Por que Warren Buffett reduz pela metade sua participação na Apple? Descubra

O megainvestidor cortou 50% da sua posição na dona do iPhone. Será que o cenário azedou para a empresa?

Henrique Vasconcellos 10/08/2024 09:19 10 min
Por que Warren Buffett reduz pela metade sua participação na Apple? Descubra

Warren Buffett é considerado um dos maiores investidores da história do mercado financeiro. São muitos anos desde que ele começou e são muitos anos com um desempenho muito bom. Mas, não é apenas pelo tamanho de sua fortuna, ou pelo seu sucesso em bater o S&P 500 que faz com que ele seja uma grande referência no mundo dos investimentos. 

A estratégia e a simplicidade dos modelos mentais que ele e a Berkshire Hathaway seguem, cativam inúmeros investidores no mundo. O conceito é que não é necessário ser um gênio, ou ter ideias mirabolantes, para ganhar dinheiro no mercado. Apenas: “compre boas empresas a bons preços”

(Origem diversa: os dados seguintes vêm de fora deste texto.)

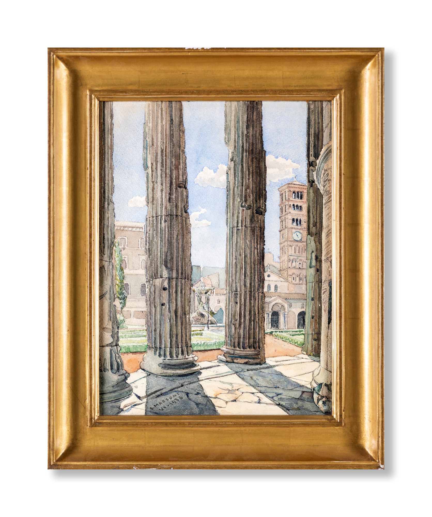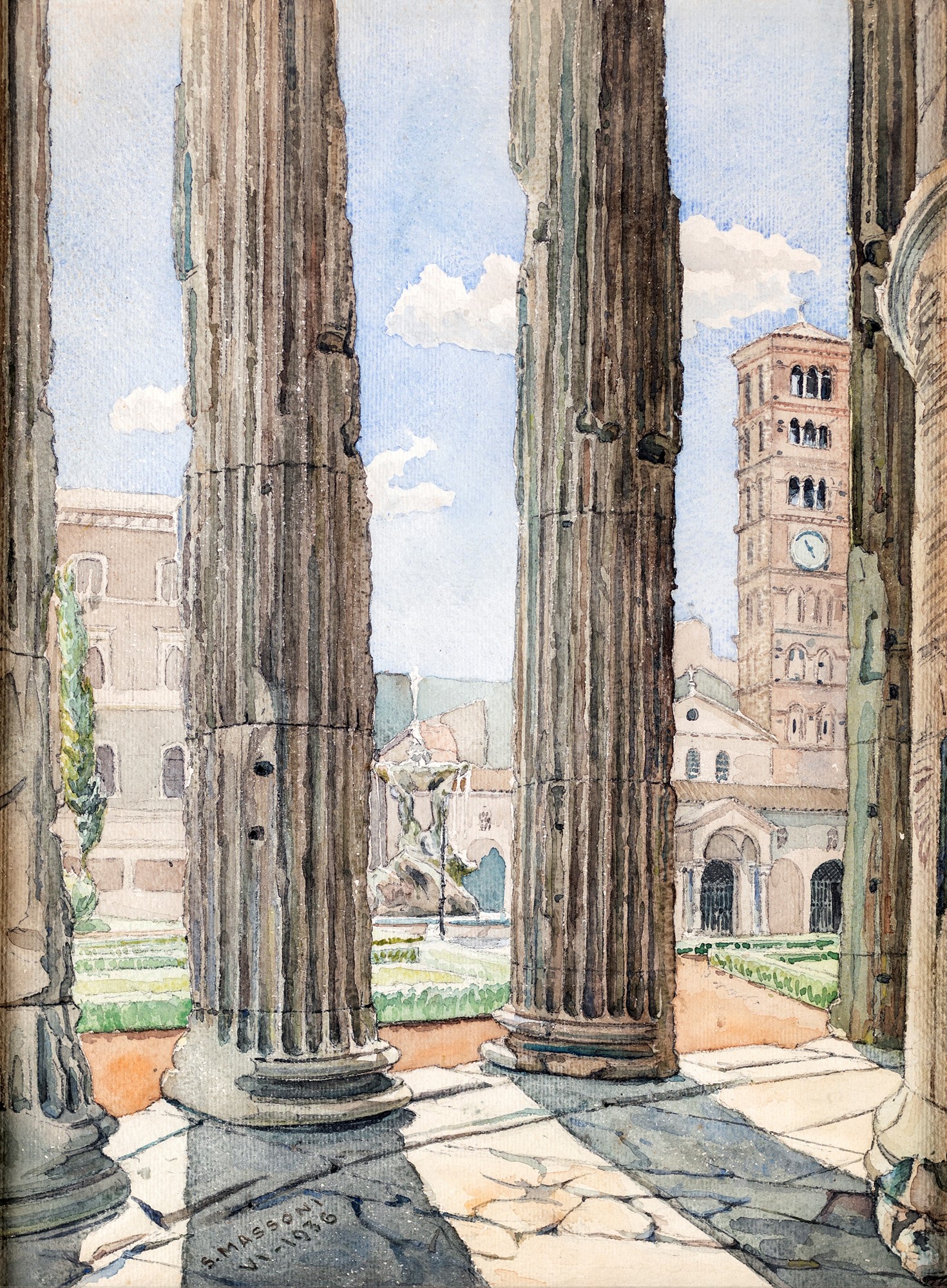 Pittore degli inizi del XX secolo - Scorcio della Basilica di Santa Maria in Cosmedin dalle colonne del tempio di Ercole vincitore - Firmato e datato in basso a sinistra: S. Massoni - VI 1936 - acquerello su carta - cm 50x37
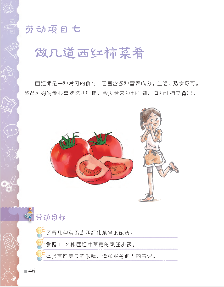 第三学段(5~6年级) ,做2~3道家常菜,如西红柿炒鸡蛋、煎鸡蛋、炖骨头汤等,还要会设计一顿营养食谱;
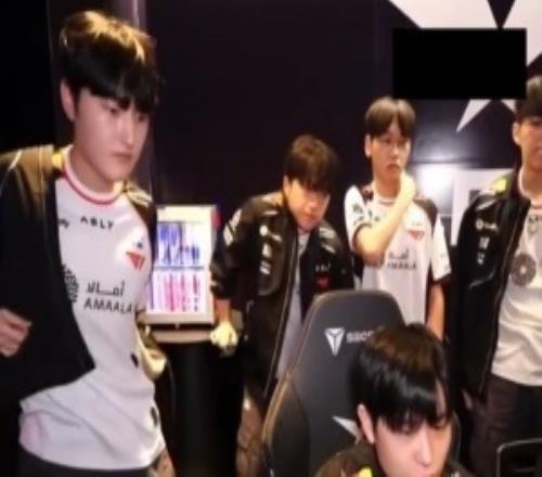 在對(duì)陣DK時(shí)的進(jìn)場(chǎng)鏡頭中,Keria并未與隊(duì)友一起進(jìn)場(chǎng);而賽中的轉(zhuǎn)播鏡頭中,Keria在休息室里站著有一點(diǎn)吃力,需要用手撐著桌子。
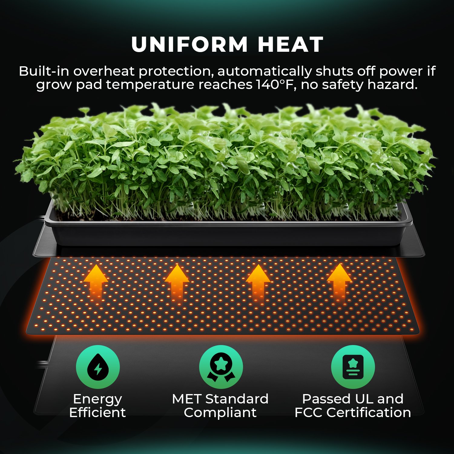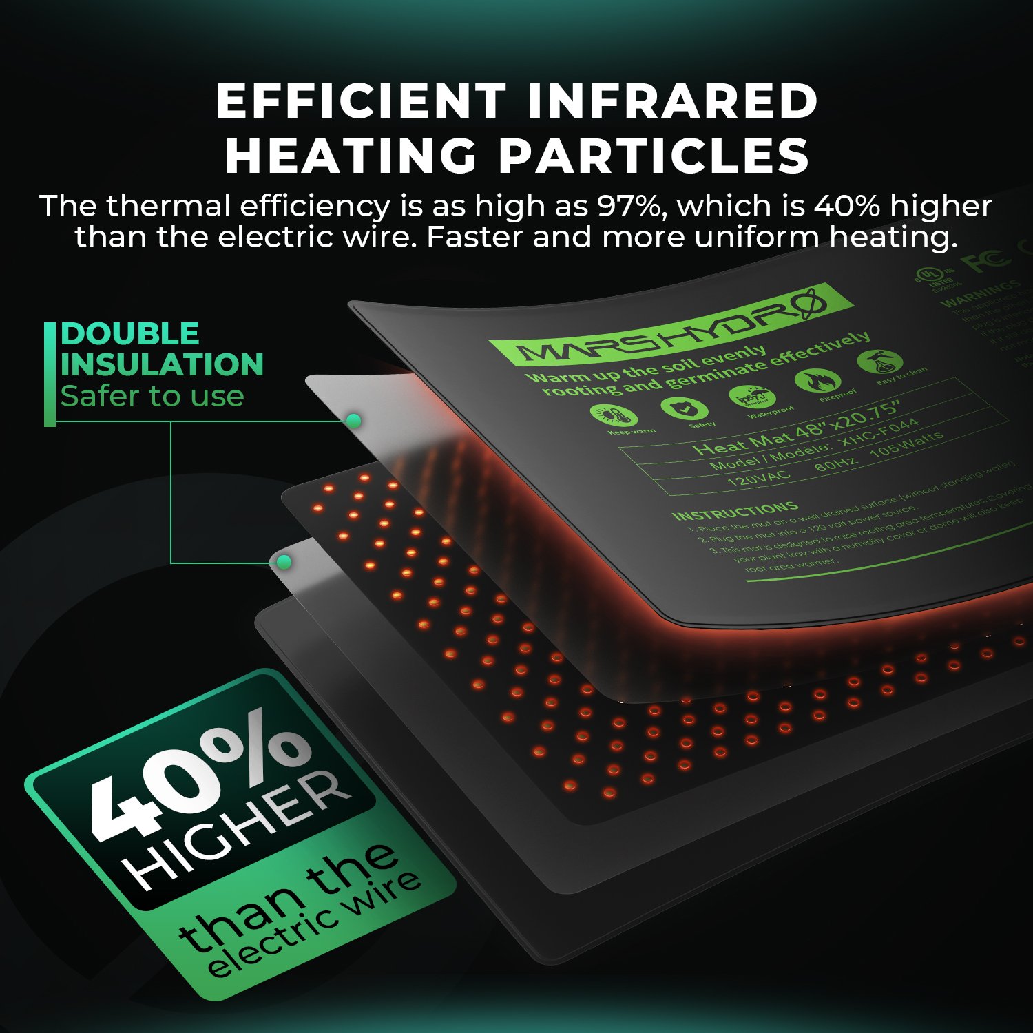 Mars Hydro 25X52cm idandite soojendusmatt koos digitaalse termostaadiga on ideaalne lahendus taimede idandamiseks ja pistikute juurdumiseks. Selle 20W võimsusega matt kasutab kvaliteetset süsinikkiudu, mis tagab kuni 97% soojusmuundustõhususe ning ühtlase ja stabiilse soojenduse. Matt võib pinnatemperatuuri tõsta kuni 48°F (umbes 27°C) kõrgemale ümbritsevast temperatuurist, mis soodustab kiiremat idanemist ja juurdumist.

Essa simplicidade e os anos de sucesso fazem com que ele seja tão referenciado e monitorado por muitos investidores. A Berkshire continua sendo um medidor de mercado para muitos. Por conta disso, todas as movimentações e posições da empresa são amplamente discutidas no setor financeiro.  

Quantas ações Warren Buffett tem da Apple?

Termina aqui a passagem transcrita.